すると、ザウバーがコウの様子がおかしいことに気が付いた。
彼は瞠目したまま震えており、息も荒くなっている。ザウバーは呆然としながら彼を見ていた。
「『ネオ・ソウル』――」
「どうした、コウ。何かあったのか?」
そこでようやく、その場にいた者達がコウの様子のおかしさに気付き始めた。
コウの表情には、誰が見ても分かるほど強い恐怖を宿していた。

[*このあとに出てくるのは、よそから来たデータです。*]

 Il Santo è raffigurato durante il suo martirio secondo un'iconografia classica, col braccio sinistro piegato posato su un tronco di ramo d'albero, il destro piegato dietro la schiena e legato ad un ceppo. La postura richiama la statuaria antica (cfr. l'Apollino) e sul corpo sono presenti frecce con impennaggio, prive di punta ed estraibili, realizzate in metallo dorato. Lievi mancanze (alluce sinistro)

彼の視線は、『ネオ・ソウル』と呼称された短剣に釘付けになっている。
「もしかして……これを知ってるのか、コウとやら」
ライトがコウに問うが、コウはその場で頭を抱えて頽れてしまった。
「コウ! しっかりしろっ」
「……違う」
「え?」
ザウバーは慌ててコウの肩を掴むが、コウは心ここにあらずといった感じで呟いた。
「何が違うんだ?」
「……違う、違う」
コウは俯き、頭を抱えてうずくまってしまった。
「コウ? コウ!」
ザウバーの必死な呼びかけは、もはやコウには届いていない。
コウは、彼の世界に入ってしまった。
コウの目の前には、ヴェルデとの戦闘時にフラッシュバックした光景が再び映っていた。
寒空の下、何もかもが凍り付いた場所に彼は立っていた――家も、家畜も、人も凍り付いている。ブロードソードを手に持ち、彷徨うように歩く。
そこで彼の目の前に、黒いフードを被った人物が立っていた。その人物は手にあるものを持っている。

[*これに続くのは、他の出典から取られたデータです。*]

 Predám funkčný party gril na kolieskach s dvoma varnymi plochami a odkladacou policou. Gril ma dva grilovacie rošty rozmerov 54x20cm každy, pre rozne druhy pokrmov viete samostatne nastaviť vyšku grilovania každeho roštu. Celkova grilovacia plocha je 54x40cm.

波刃で、刀身と持ち手に蔦のような紋様が浮かび上がった短剣――デイトンが言及した『ネオ・ソウル』の特徴そのままである。しかし、それとは異なり、紋様は赤く光り輝いていた。
コウが呆然とその場に立ち尽くしていると、それは起こった。
彼の胴体が縦に切り裂かれ、鮮血の赤が彼の視界を覆い尽くした。
そしてそのまま、コウの視界は黒くなった。
「違う……違う違う違う違う違う違う違う! 違う!」
コウは完全に錯乱しており、頭を抱えて振り乱した。その光景にザウバーたちは呆然するしかなかった。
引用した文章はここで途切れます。